Медленно переодевшись, Ева с немалым трудом заползла в туалет, обнаружив там унитаз, выскобленный до совершенно сказочного состояния. И новенький коврик на холодном кафельном полу. И аккуратно сложенную гигиеническую пеленку на полочке для туалетной бумаги. Илья обживался как мог.

И странное дело: ее это вовсе не раздражало.

12. 9.1

Никогда еще кухня унылой квартиры не сияла такой чистотой. Не то, чтобы Ева была засранкой, нет. Просто ей даже в голову не приходило выскребать вековую плесень из плиточных швов и полировать тряпкой оконную раму.

Эта квартира требовала ремонта, но который у Евы не было денег. И сил тоже не было. И желание не появлялось. А теперь она робко сидела за выскобленным до зубовного скрежета старым столом и ела очумительно вкусную курицу под белым соусом, щедро приправленную чесноком. Никогда она не любила чеснок. Как и все нормальные двуликие. А тут вдруг оказалось, что курица с чесноком, — это нечто божественное. Еще одно доказательство Евиной ненормальности.

— Ифумительно! — медленно пережевывая и закатывая глаза в приступе гастрономического экстаза девушка прохрипела. — Это тебе мамочка научила, сыночек?

Ляпнула и прикусила язык. Это же надо сморозить такое, Змеевская жена и на кухне торчит, обучая сыночка кулинарным премудростям. Илья тут же прямо-таки окаменел (вполне ожидаемо) и взгляд его потяжелел. Кажется, даже кухонный воздух, пропитанный ароматами ужина, ощутимо сгустился.

— Ей! — край тарелки украсив куриной обглоданной ножкой Ева вытерла пальцы бумажной салфеткой и натянуто улыбнулась Змеенышу. — Что снова не так? Ты когда рожи мне корчишь такие, хочется взять деревянную ложку и по лбу шарахнуть наотмашь.

Илья шутку не оценил.

— Матери у меня нет.

— У всех они есть, а тебя добрый аист принес? Или в капусте нашли?

Ну вот зачем она лезет? Правильно Пашка ей говорит постоянно: “Ева, тебе нужно вшить деликатность под кожу!” И умение язык держать за зубами, и… Проще новую Еву скроить, говоря откровенно.

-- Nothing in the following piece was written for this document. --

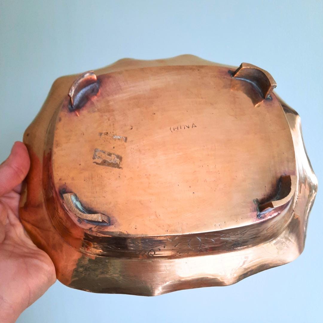 Mid Century Chinese Brass Dragon Bowl Rectangular And Ruffled Edge.

— Кукушка она. — Илья стремительно отвернулся к окну и теперь разглядывал его старую страшную раму так пристально, как будто искал там следы древней цивилизации. — А я, — сын кукушки.

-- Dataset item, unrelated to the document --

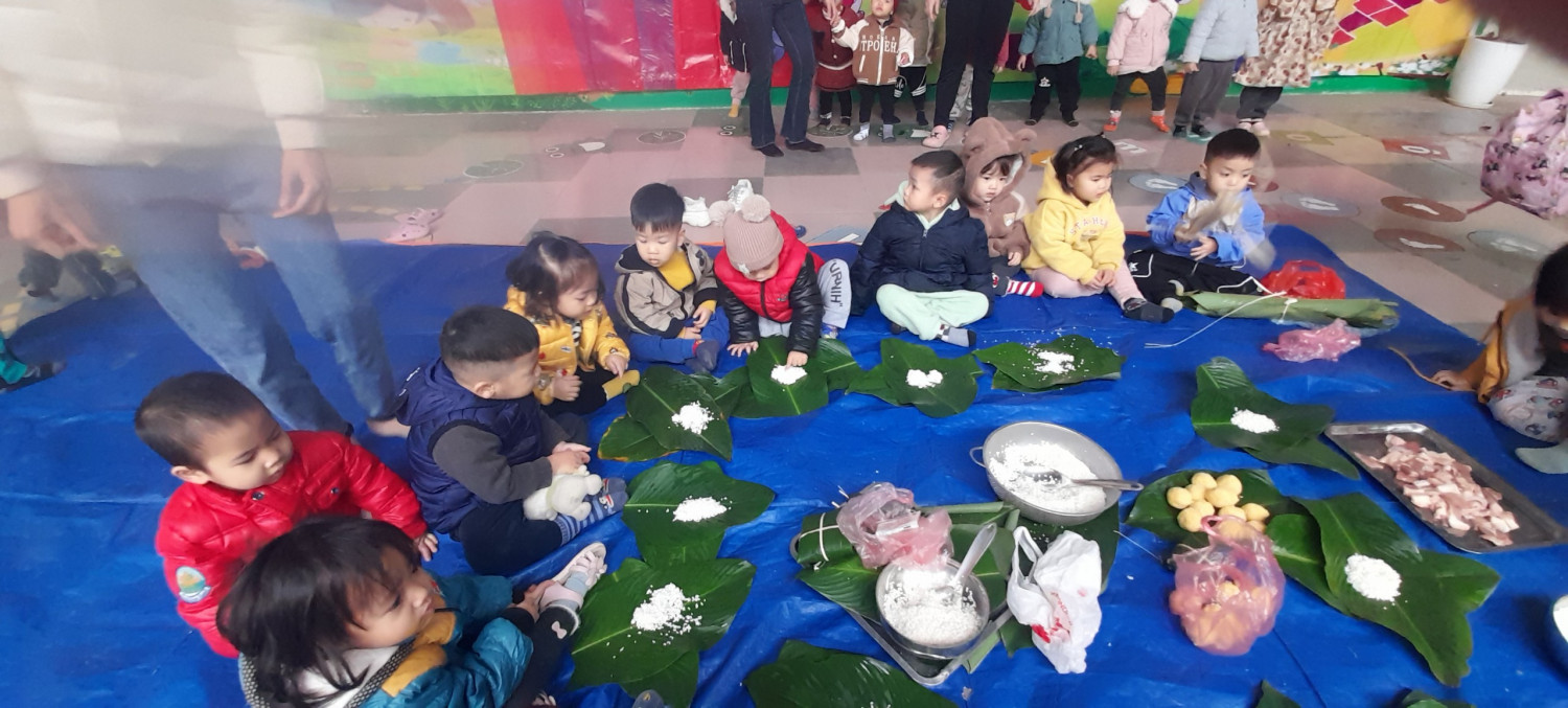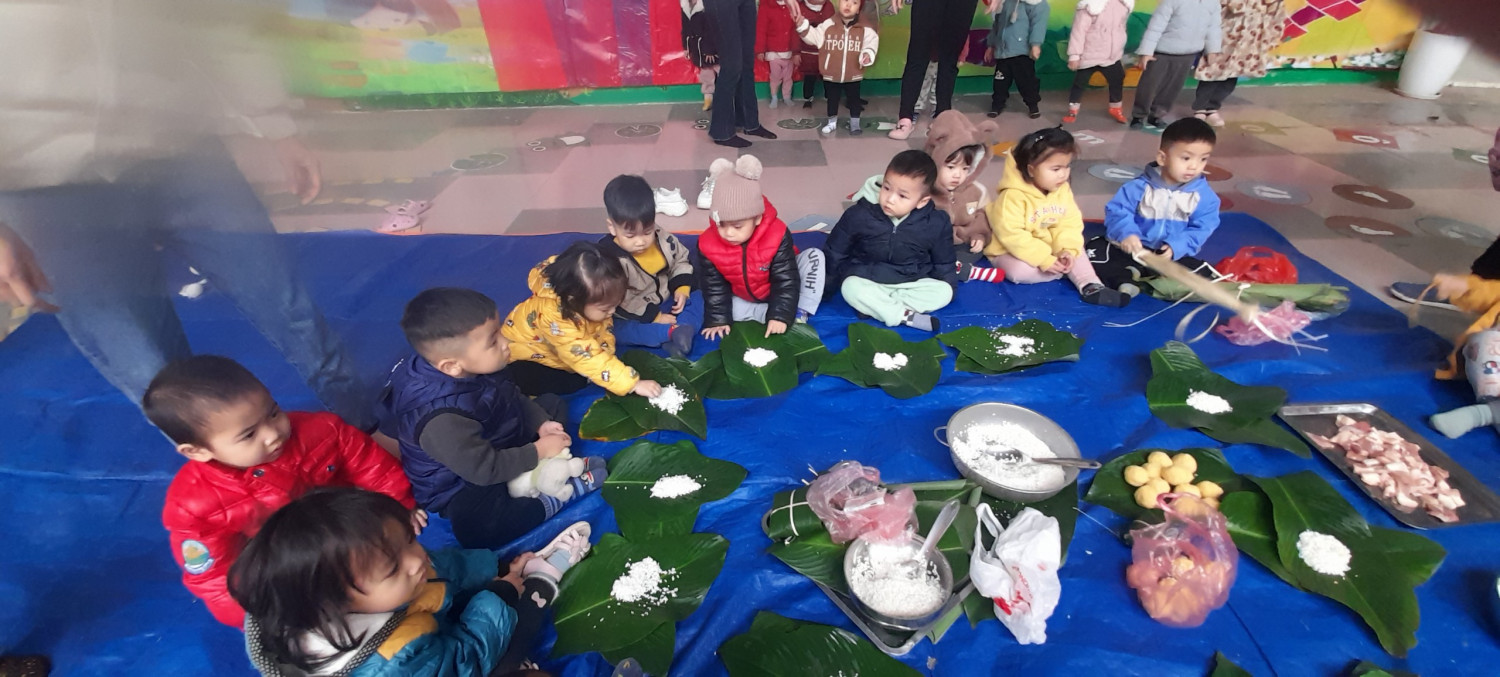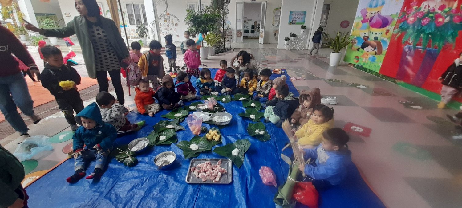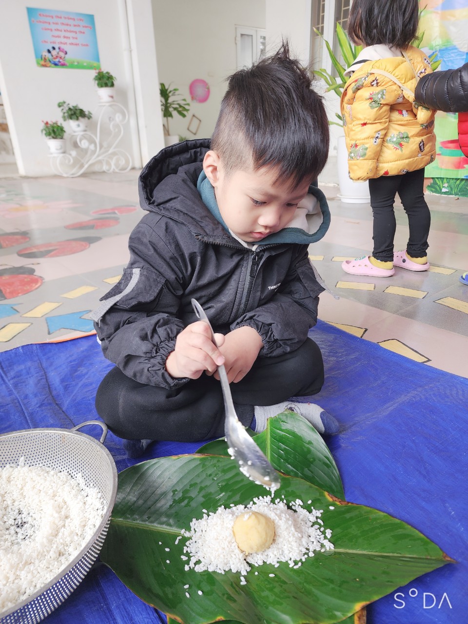 Thông qua hoạt động này các Bé được trải nghiệm và tích lũy được thêm nhiều kỹ năng sống: Trẻ biết được để làm ra những chiếc bánh chưng cần những nguyên liệu quen thuộc như: Lá dong, gạo nếp, nhân đỗ, thịt và dây lạt. Trẻ được quan sát các cô gói bánh chưng. Những ánh mắt long lanh của các con đang dõi theo cô gói từng chiếc bánh, dưới bàn tay của cô chiếc bánh dần hiện ra với một sắc xanh bóng mượt của lá dong gói gọn trong những dây lạt. Chiếc bánh chưng đã hoàn thành trong tiếng trầm trồ của các Bé, bạn nào cũng muốn được gói chiếc bánh ấy. Sau đó, các Bé được cô hướng dẫn xếp lá, cho nguyên liệu để gói những chiếc bánh chưng cho riêng mình. Lần đầu gói chiếc bánh chưng đầy bỡ ngỡ, từ giai đoạn đặt lá cho chiếc bánh, nhiều Bé cảm thấy đây là một việc đầy khó khăn, nhưng dưới sự hướng dẫn tỉ mỉ của cô, các Bé đều không nản chí và cố gắng hoàn thành chiếc bánh của mình. Chiếc bánh có thể méo, có thể không đẹp nhưng đó là một thành quả nỗ lực của các Bé, các Bé tự hào về chiếc bánh mình tự tay gói.

— Змееныш ты, — хмыкнула Ева. Ну-ка, дай свою руку.

И требовательно протянула ладонь.

Илья зябко поежился. Сейчас он действительно напоминал кукушонка. Большеротый, глазастый, взъерошенный. Главное, чтоб из гнезда Еву не выкинул. Или не слопал. Не хотелось ему ничего ей давать, но… Этот насмешливый взгляд действовал на мальчишек всегда безотказно. Змееныш грудь выпятил, подбородок задрал и отважно накрыл ее руку ладонью. Большущей такой, несуразной.

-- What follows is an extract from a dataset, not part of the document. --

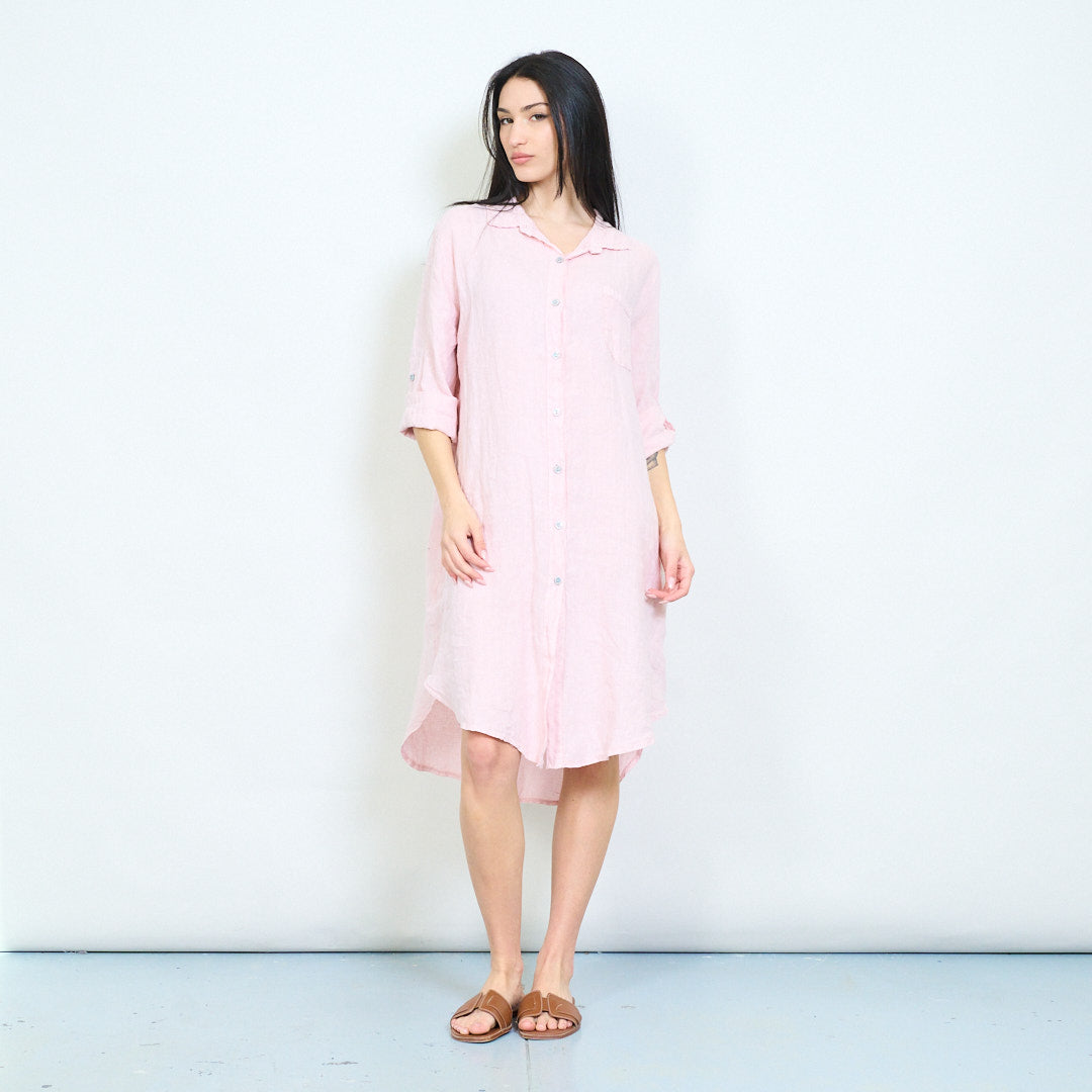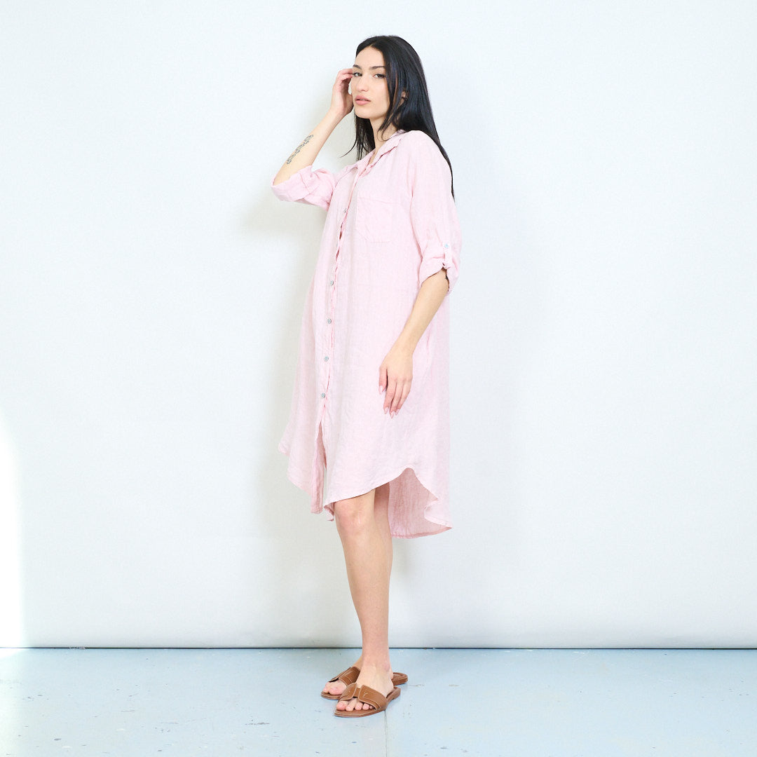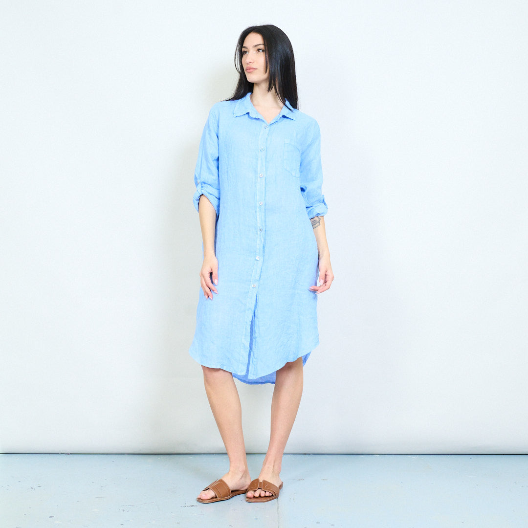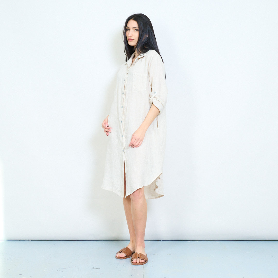 - Relaxed shirt dress with classic collar and full button front closure

Гладкость бархатной кожи. Тонкая, болезненно-светлая, как у каждого наследного питерца. Через нее отчетливо проступали крупные выпуклые вены и массивная кость. Длинные, как у настоящего музыканта, красивые пальцы с безупречно-овальными ногтями и узлы крепких костяшек. Запястья широкие, по-мужски уже крепкие. Горячий. У Евы всегда руки холодные, а пальцы Змееныша просто пылали. Как и лицо, уши, шея. Венка, нервно пульсирующая на ней цепляла взгляд своей откровенностью.

— Не трусь так, рептилия! — Ева оскалилась, снова русалочьим взглядом блеснув на мальчишку. — Не съем я тебя.

— Ты мне маникюр что ли делать решила? — Змееныш не дрогнул. Не пугали его эти фокусы. — Очень взгляд у тебя плотоядный.

Русалка ему не ответила. Перевернула ладонь и всмотрелась в сплетение нитей. Так и есть. Вот он, знак нежити. Крохотный узелок жизни потусторонней. И ответ на вопрос: “как такое случилось”?